Problem 11

Question

In Problems 1-26, solve the given differential equation by undetermined coefficients. $$ y^{\prime \prime}-y^{\prime}+\frac{1}{4} y=3+e^{x / 2} $$

Step-by-Step Solution

Verified

Answer

General solution: $ y = C_1 e^{x/2} + C_2 x e^{x/2} + 12 + x e^{x/2} $.

1Step 1: Identify the homogeneous equation

The first step is to solve the homogeneous part of the differential equation, which is obtained by setting the right-hand side to zero. Therefore, the homogeneous equation is: $ y'' - y' + \frac{1}{4}y = 0 $.

2Step 2: Solve the characteristic equation

To solve the homogeneous equation, we find the characteristic equation associated with it. The characteristic equation for $ y'' - y' + \frac{1}{4}y = 0 $ is obtained by replacing $ y $ with $ e^{\lambda x} $, leading to: $ \lambda^2 - \lambda + \frac{1}{4} = 0 $.
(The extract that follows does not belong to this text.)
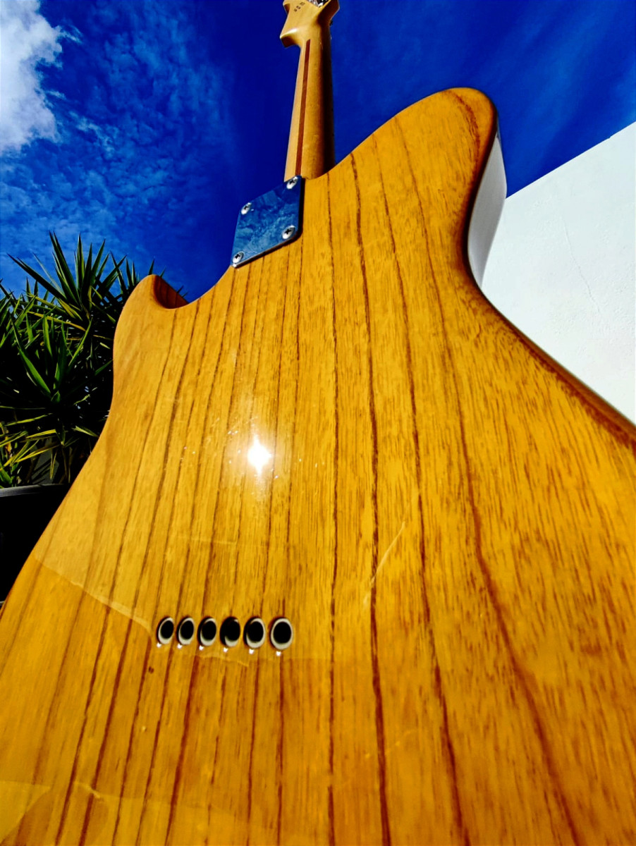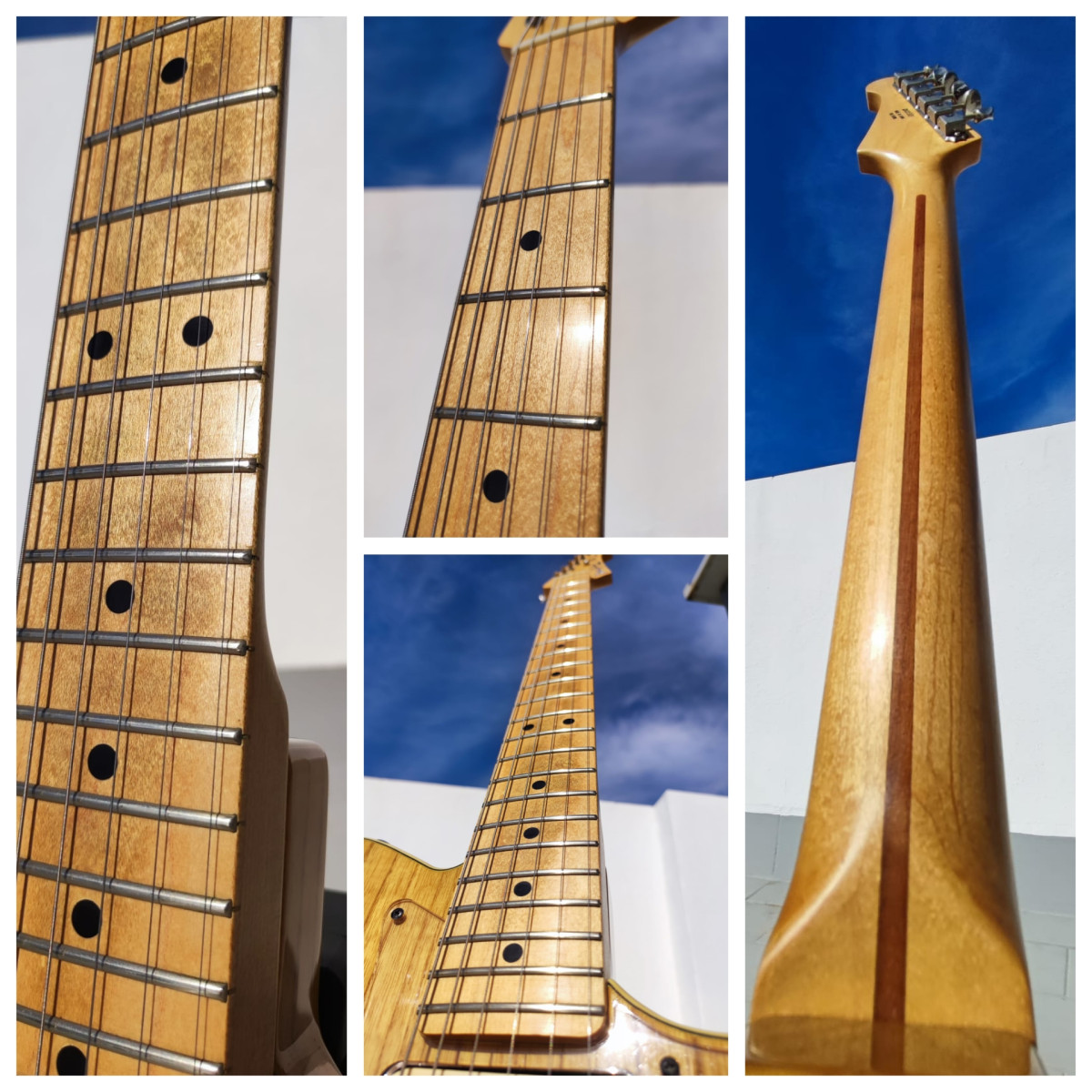La guitarra está en un estado excelente, no tiene marcas ni desgastes en los trastes. Empieza a aparecer la típica mancha de los mástiles de arce que no están esmaltados en el diapasón.

3Step 3: Find the roots of the characteristic equation

Using the quadratic formula $ \lambda = \frac{-b \pm \sqrt{b^2 - 4ac}}{2a} $ for $ a = 1, b = -1, c = \frac{1}{4} $, compute the roots of the characteristic equation: $ \lambda = \frac{1 \pm 0}{2} = \frac{1}{2} $. Hence, there is a repeated root $ \lambda = \frac{1}{2} $.

4Step 4: Write the general solution of the homogeneous equation

Since we have a repeated root $ \lambda = \frac{1}{2} $, the solution to the homogeneous equation is $ y_h = C_1 e^{x/2} + C_2 x e^{x/2} $, where $ C_1 $ and $ C_2 $ are arbitrary constants.

5Step 5: Formulate the particular solution using undetermined coefficients

The non-homogeneous part of the equation is $ 3 + e^{x/2} $. We propose a particular solution of the form $ y_p = A + B x e^{x/2} $ because $ e^{x/2} $ appears in both the non-homogeneous term and the complementary solution. Note that we adjust the coefficient to $ Bx $ to account for the overlap in the homogeneous solution.

6Step 6: Differentiate the particular solution

Calculate the derivatives of $ y_p $. First derivative is $ y_p' = B e^{x/2} + \frac{B}{2}x e^{x/2} $. The second derivative is $ y_p'' = \frac{B}{2} e^{x/2} + \frac{B}{2} e^{x/2} + \frac{B}{4} x e^{x/2} $.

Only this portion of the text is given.